Xl_my_fair_lady-m_rbisch-c_kurt_pinter-7-24-2 © Kurt Pinter

„He Oida, du bist a Fetznschädl“: Wir sind im Jahr 2018 und befinden uns in der Underground Station Tottenham Court in London, wo Eliza Doolittle ihre Blumen verkauft. Sie ist ein Punk mit blaugefärbten Haaren und zerrissenen Jeans. Und sie spricht im tiefsten Wiener Dialekt eine ziemliche Vulgärsprache mit tiefen Kraftausdrücken (Textbearbeitung auch der Liedtexte für die Seebühne: Johannes Glück), die für Nichtwiener teils schwer verständlich sind. In die heutige Zeit hat Simon Eichenberger das eigentlich 1912 spielende, klassische Musical „My Fair Lady“ (Uraufführung 1956) verlegt. Offenbar hat der Regisseur und Choreograph zu wenig Vertrauen in die ungemein geistreichen und witzigen Dialoge von Alan Jay Lerner und auf die auf George Bernard Shaw’s „Pygmalion“ basierende, genial und witzig gebaute Geschichte vom armen Blumenmädchen, das schlussendlich eine feine Lady wird, und deshalb vieles verändert. Doch gerade diese Dialoge und natürlich die unsterblichen Ohrwürmer wie „Es grünt so grün, wenn Spaniens Blüten blühen“ oder „Ich hätt’ getanzt heut Nacht“ aus der Feder von Frederick Loewe haben das Stück weltweit zu einem der beliebtesten Musicalklassiker gemacht. Diese neuen Dialoge und auch die Veränderung der Gesangstexte wie auch das Hinzufügen anderer Musikstücke wie etwa von einem Samba und von Hip-Hop Klängen irritieren die stimmige Atmosphäre, insbesondere den Charme des Stückes. Und der Modernisierungsschub funktioniert nicht und bringt nichts. Die Inszenierung selbst wirkt flott, detailreich mit guter Choreographie bei etlichen Tanzszenen.Die heutigen Kostüme stammen von Claudio Pohle. Die eindrucksvollen und imposanten Bühnenbilder (Walter Vogelweider) von London, wobei auch der Big Ben im Hintergrund nicht fehlen darf, erlauben schnelle Verwandlungen von der U-Bahn Station zu Higgins Haus, einem modernen, schicken Loft, zum Rennplatz in Ascot und dem Pub, wo Alfred P. Doolittle seine Schnapsorgien feiert.

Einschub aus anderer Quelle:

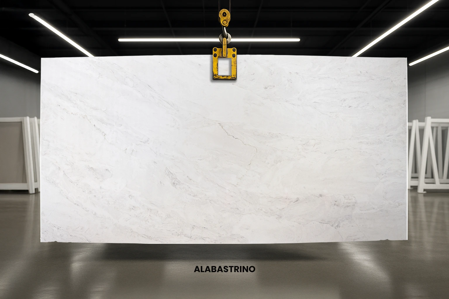 Alabastrino quartz epitomizes sophisticated charm, characterized by a subtle interplay of white and grey hues. Its pristine white background gives way to the gentle flow of soft grey veins with occasional golden tints, adding a visual depth to the appearance of the stone. Its balanced aesthetic and bright, reflective surface makes Alabastrino an ideal choice for creating beautiful countertops, islands, and table tops, inviting positive vibes in a place.
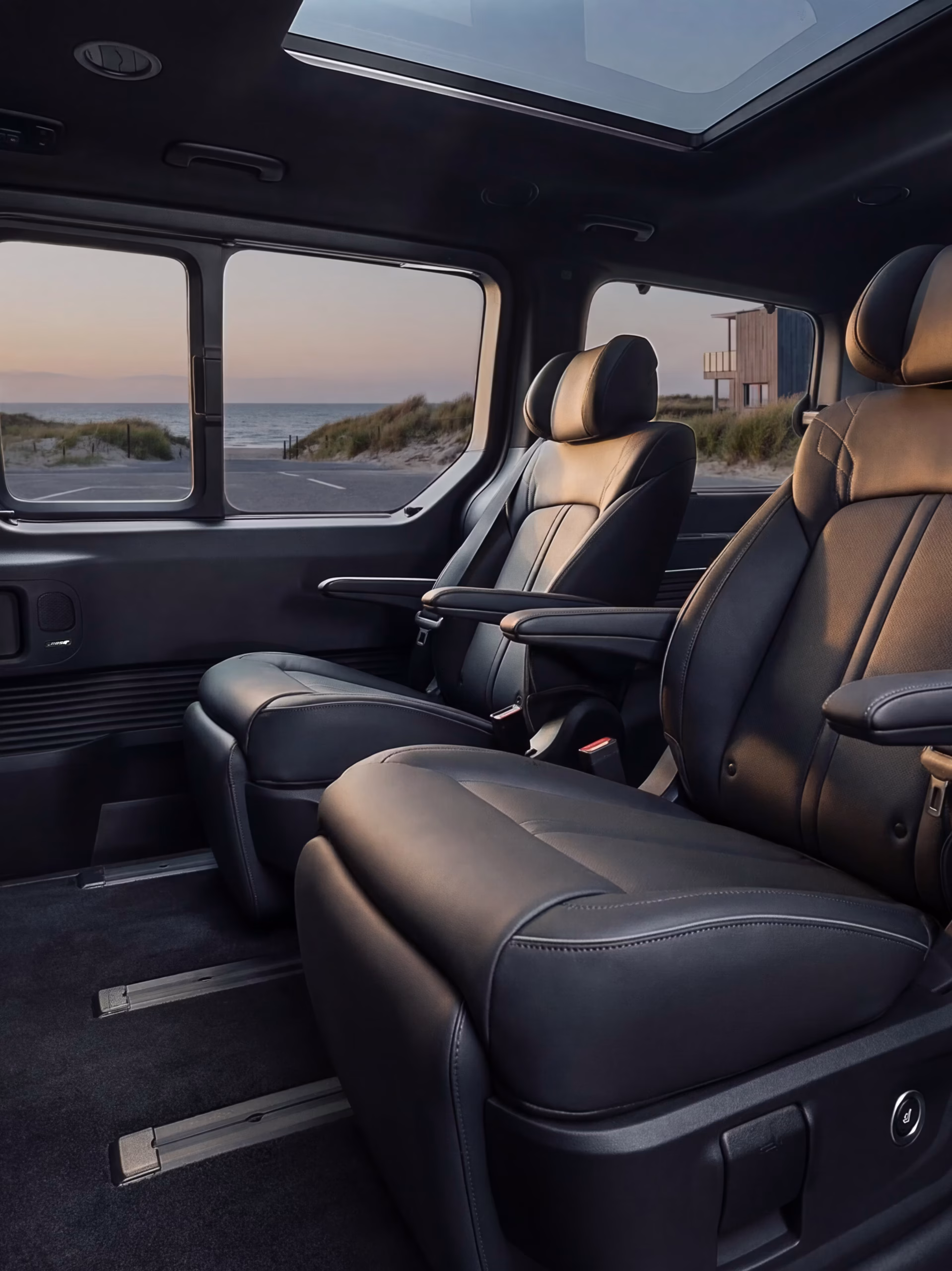 Hvis du setter pris på komfort, er STARIA Electric LUXURY med 7 seter et godt valg. Den romslige kupeen har stor benplass og takhøyde. En fleksibel setekonfigurasjon som kan tilpasses etter behov, gjør at bagasjeromsvolumet kan økes til opptil 435 liter.

Herbert Steinböck in der Partie dieses stets betrunkenen „größten Moralisten von England“ ist ein köstlicher Urkomödiant. Als seine Tochter Eliza steht natürlich die erst 21-jährige Niederösterreicherin Anna Rosa Döller als Titelheldin ihm Mittelpunkt. Schon „Mörbisch-erfahren“, sie spielte und sang letztjährig hier die Sophie im ABBA-Musical „Mamma mia“, vermag sie wunderbar spielend und singend das Blumenmädchen aus „East-Simmering“ mit teils etwas kleiner Stimme ordinär frech wie auch ihren späteren Wandel zur Lady mit damenhafter Eleganz zu verströmen. Mark Seibert kann als ihr wortdeutlicher Sprachlehrer Professor Henry Higgins seine dominierende Präsenz noch steigern und den selbstgefälligen, zynischen Macho und eingefleischten Junggesellen auch in seinem gekonnten Sprechgesang ideal hervorkehren. Ramin Dustdar gibt einen liebenswerten Oberst Pickering. Dominik Hees ist der schwärmerisch singende und spielende Freddy, Marika Lichter die noble Higgins-Mutter, Shlomit Butbul die hoheitsvolle Mrs. Pearce. Eine Rolle wurde eigens für Dolores Schmidinger als Queen Elizabeth kreiert, die humorvoll in Ascot auftritt und in Higgins Haus ständig vom TV-Schirm herunterschaut. Untadelig: die kleineren Rollen und das gut tanzende und singende Ensemble.

Schmissige und mitreißende Töne hört man vom Orchester der Mörbischer Seefestspiele unter Michael Schnack. Es lässt auch nichts an Eleganz und schwebender Leichtigkeit fehlen. Manchmal werden jedoch die Stimmen, besonders von der Titelfigur übertönt.

Viel Applaus! Wegen der starken Kartennachfrage gibt es bereits zwei Zusatzvorstellungen. Für 2025 ist das Musical „Saturday Night Fever“ angekündigt.